### Data excerpt
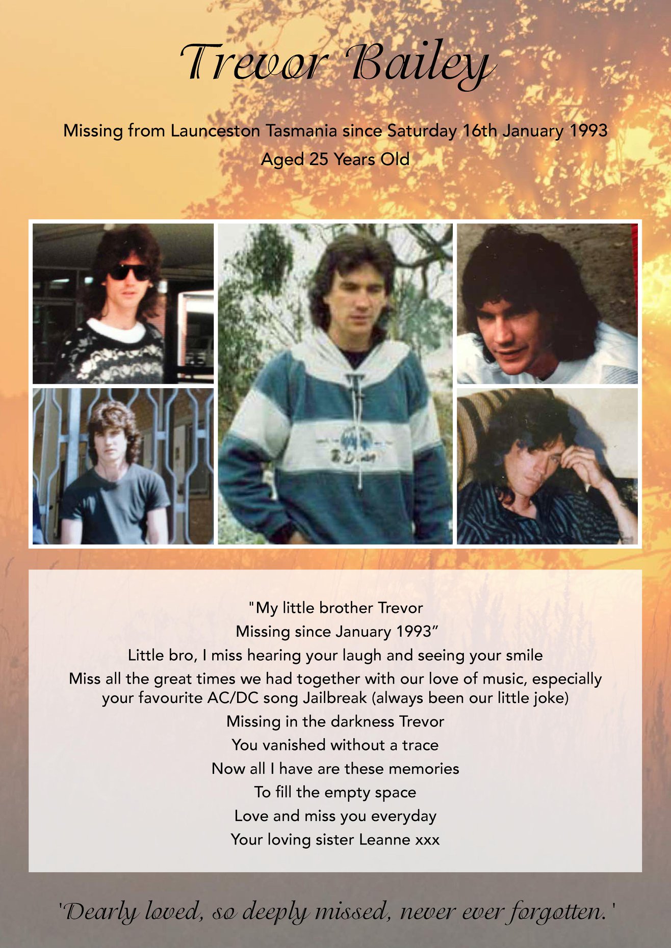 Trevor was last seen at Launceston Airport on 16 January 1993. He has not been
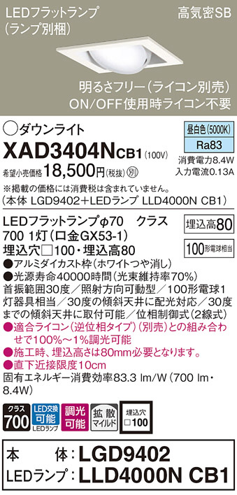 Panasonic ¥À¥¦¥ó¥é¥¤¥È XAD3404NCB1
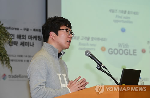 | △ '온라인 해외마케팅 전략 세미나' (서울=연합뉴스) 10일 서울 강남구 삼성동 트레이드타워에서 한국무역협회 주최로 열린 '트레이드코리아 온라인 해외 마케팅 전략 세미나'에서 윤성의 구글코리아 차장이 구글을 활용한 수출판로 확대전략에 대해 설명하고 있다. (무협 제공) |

### Exercise goal
Only the lines from the line with "Panasonic ¥À¥¦¥ó¥é¥¤¥È XAD3404NCB1" to the bottom of the material above should be reproduced, exactly and without pictures.

### Final answer
 Panasonic ¥À¥¦¥ó¥é¥¤¥È XAD3404NCB1
 | △ '온라인 해외마케팅 전략 세미나' (서울=연합뉴스) 10일 서울 강남구 삼성동 트레이드타워에서 한국무역협회 주최로 열린 '트레이드코리아 온라인 해외 마케팅 전략 세미나'에서 윤성의 구글코리아 차장이 구글을 활용한 수출판로 확대전략에 대해 설명하고 있다. (무협 제공) |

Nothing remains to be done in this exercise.